The law of livery has never embarrassed our conveyancing in Pennsylvania. There is no more reason why mines in another’s land, whether opened or unopened, may not he held by a deed duly acknowledged and recorded, than why land in its most ordinary signification may not he so held. In other words, mines are land, and subject to the same laws of possession and conveyance.

But whether Caldwell conveyed to Greer the coal-mines in his land, or only granted a license to enter and take coals, depended on the construction of the deed above referred to of 27th May 1831, and that was carefully considered and fully decided in the opinions reported in 7 Casey. It was then held that the deed was not a license but a conveyance of the fee of the mine — that it *432was a grant of land and not of an incorporeal hereditament. That ruling is not questioned in the present case, and it is decisive against the plaintiff’s action so far as it is founded on a possession of the surface. For no length of possession of the surface merely could divest the title granted by that deed. Adverse possession of the mine by the owners of the surface, for the statory period, would avail as title, but the case was not ruled below on this ground, and therefore we do not consider whether the evidence made out such a possession in the plaintiff and those under whom he claims. On the ground assumed, that possession of the surface for more than twenty-one years was title to the mine, the court was clearly in error.

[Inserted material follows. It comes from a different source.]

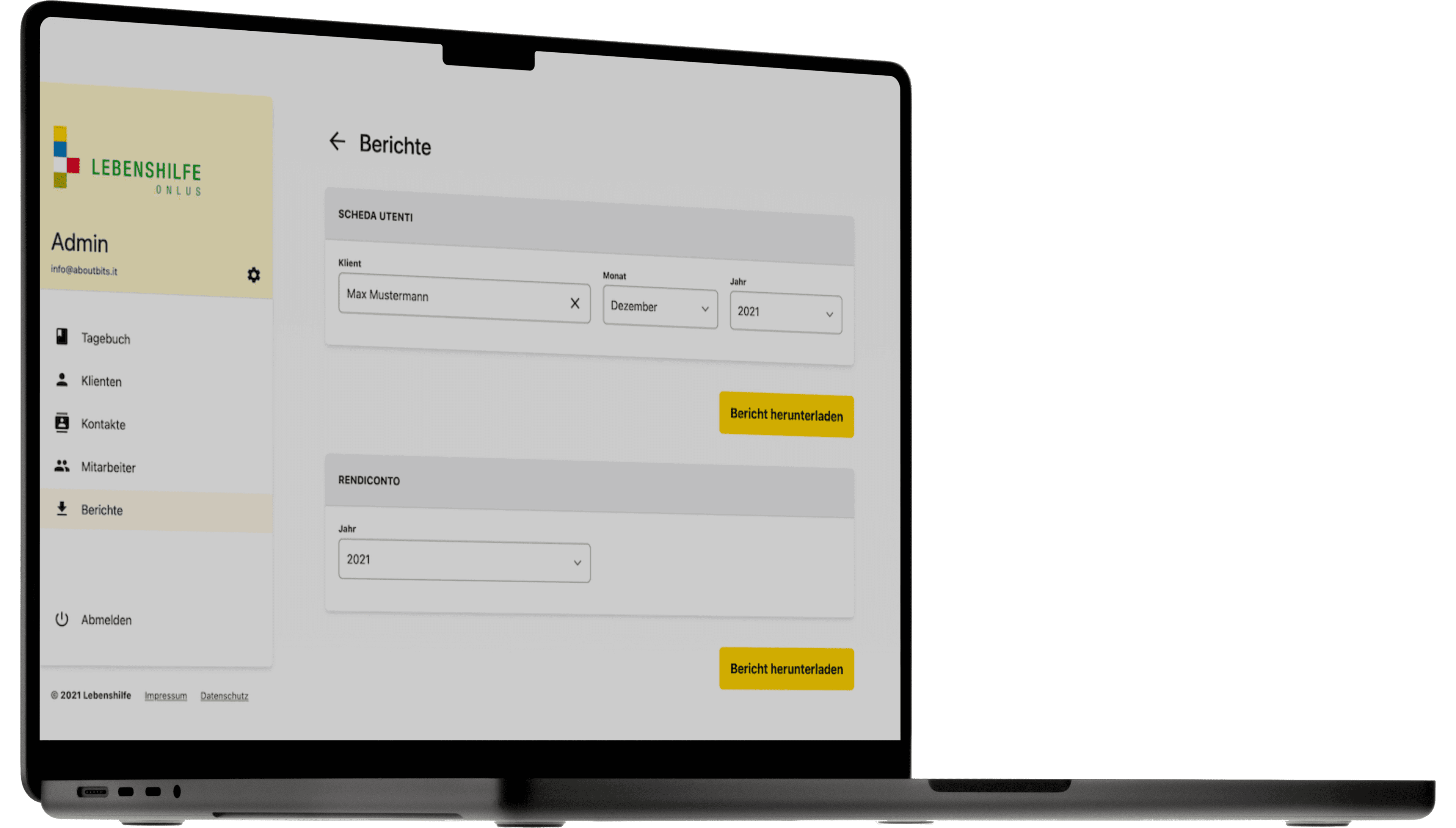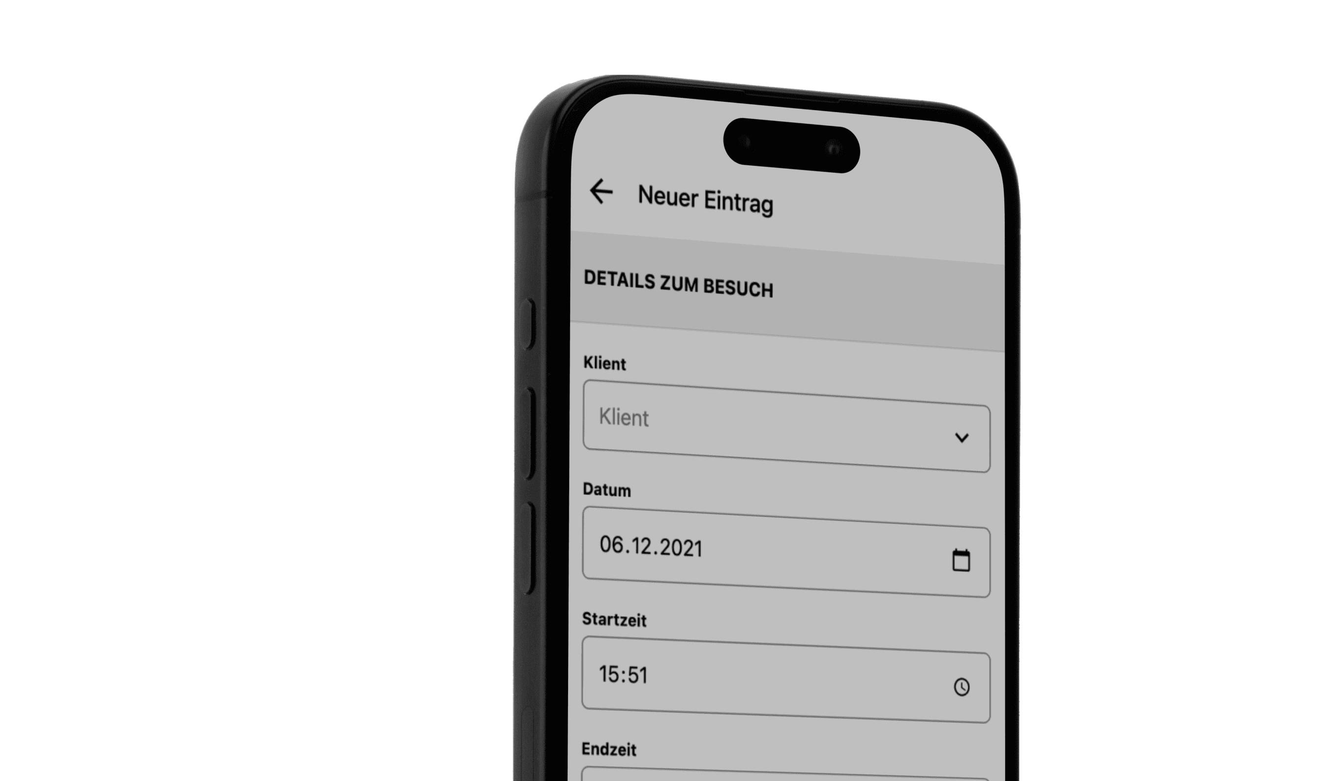 The client management platform is a web portal that enables client visit logs. During the visit, Lebenshilfe staff can log in to the web application using a tablet or mobile phone and fill in the visit log.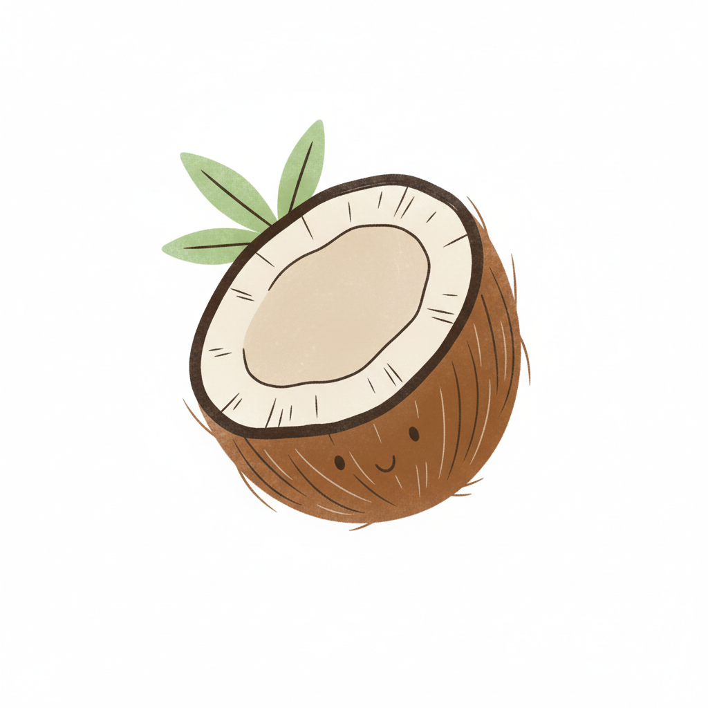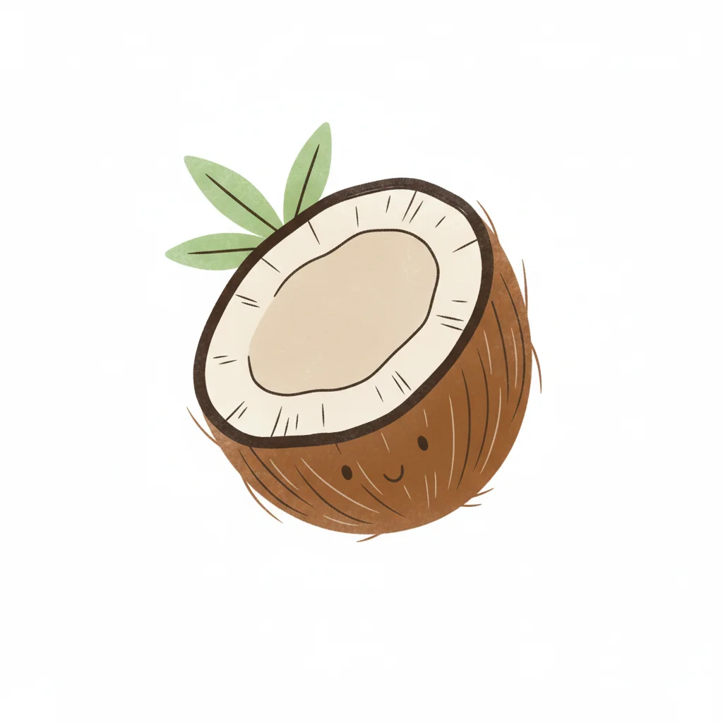 Eine süße, cartoonhafte Darstellung einer halbierten Kokosnuss.

And in the second assignment we think there was error. If there was no possession in Caldwell of the coal-mine as a coalmine, and independently of his possession of the surface, then there could be no question of adverse holding to submit to the jury. As to his claim of the coal, in opposition to his deed, this was not possession within the statute. At most it was only evidence of a prescriptive right, and corporeal hereditaments, I repeat, are not held by prescription.

If Bell’s entry was not made “ to exercise the privilege under the deed” — that is, if it were not in pursuance of the deed and whatever rights it conferred, the answer given to the defendant’s first point was right. No entry would toll the statute that was not made or authorized by some person having rights under the deed. But if it were an entry under and in pursuance of the deed, it would toll the running of the statute in favour of the grantor. The language of the learned judge in answer to this point was not quite as clear as we could have wished, but as we understand it we see no error in it.

We say nothing about his reputed answer to the 2d point, because it is denied by the counsel for the plaintiff that such a point was propounded or such an answer given, and the record does not prove them.

The judgment is reversed, and a venire facias de novo is awarded.